The House of Deputies also adopted resolutions:

* approving an appropriation of $60,000 to develop new ministries and church communities in Europe, where indigenous congregations and ministries are emerging;

* expressing its continuing concern for the suffering and hardships affecting L'Eglise Episcopal du Rwanda;

* approving funding of three historically black colleges, in the amount of $1.5 million per year for the 1998-2000 triennium;

* rejecting funding a study of whether membership and giving increase when a congregation incorporates active ecological concern into its program;

* adopting a special rule of order to allow discussion of the three resolutions relating to the Concordat of Agreement at 12:15 p.m.; and

* adopting an appropriation of $48,750 for the Standing Commission on Constitution and Canons for the next triennium.

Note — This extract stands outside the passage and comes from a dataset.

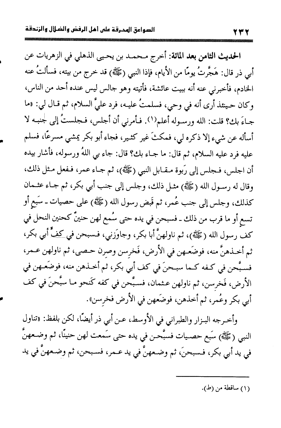 الحَدِيث الثَّامِن بعد الْمِائَة أخرج مُحَمَّد بن يحيى الذهلي فِي الزهريات عَن أبي ذَر قَالَ هجرت يَوْمًا من الْأَيَّام فَإِذا النَّبِي صلى الله عَلَيْهِ وَسلم قد خرج من بَيته فَسَأَلت عَنهُ الْخَادِم فَأَخْبرنِي عَنهُ أَنه بِبَيْت عَائِشَة فَأَتَيْته وَهُوَ جَالس لَيْسَ عِنْده أحد من النَّاس وَكَانَ حِينَئِذٍ أرى أَنه فِي وَحي فَسلمت عَلَيْهِ فَرد عَليّ السَّلَام ثمَّ قَالَ لي (مَا جَاءَ بك قلت الله وَرَسُوله أعلم فَأمرنِي أَن أَجْلِس فَجَلَست إِلَى جنبه لَا أسأله عَن شَيْء إِلَّا ذكره لي فَمَكثَ غير كثير فجَاء أَبُو بكر يمشي مسرعا فَسلم عَلَيْهِ فَرد عَلَيْهِ السَّلَام ثمَّ قَالَ (مَا جَاءَ بك قَالَ جَاءَ بِي الله وَرَسُوله فَأَشَارَ بِيَدِهِ أَن اجْلِسْ فَجَلَسَ إِلَى ربوة مُقَابل النَّبِي صلى الله عَلَيْهِ وَسلم ثمَّ جَاءَ عمر فَفعل مثل ذَلِك وَقَالَ لَهُ رَسُول الله صلى الله عَلَيْهِ وَسلم مثل ذَلِك وَجلسَ إِلَى جنب أبي بكر ثمَّ جَاءَ عُثْمَان كَذَلِك وَجلسَ إِلَى جنب عمر ثمَّ قبض رَسُول الله صلى الله عَلَيْهِ وَسلم على حَصَيَات سبع أَو تسع أَو مَا قرب من ذَلِك فسبحن فِي يَده حَتَّى سمع لَهُنَّ حنين كحنين النَّحْل فِي كف رَسُول الله صلى الله عَلَيْهِ وَسلم ثمَّ ناولهن أَبَا بكر وجاوزني فسبحن فِي كف أبي بكر ثمَّ أخذهن مِنْهُ فوضعهن فِي الأَرْض فخرسن وصرن حَصى ثمَّ ناولهن عمر فسبحن فِي كَفه كَمَا سبحن فِي كف أبي بكر ثمَّ أخذهن مِنْهُ فوضعهن فِي الأَرْض فخرسن ثمَّ ناولهن عُثْمَان فسبحن فِي كَفه كنحو مَا سبحن فِي كف أبي بكر وَعمر ثمَّ أخذهن فوضعهن فِي الأَرْض فخرسن)

The deputies concurred with the House of Bishops in: 

* supporting the work of Bishop Belo of East Timor;

* authorizing a study on theology of work, with specific reference to the implications of downsizing, re-engineering, automation, etc.; and

* amending the canons to require bishops to report the vote tallies for each ballot of the Presiding Bishop election when the name of the person elected is announced.

- The Rev. Jan Nunley is communications officer in the Diocese of Rhode Island.  Walt Gordon contributed to this story.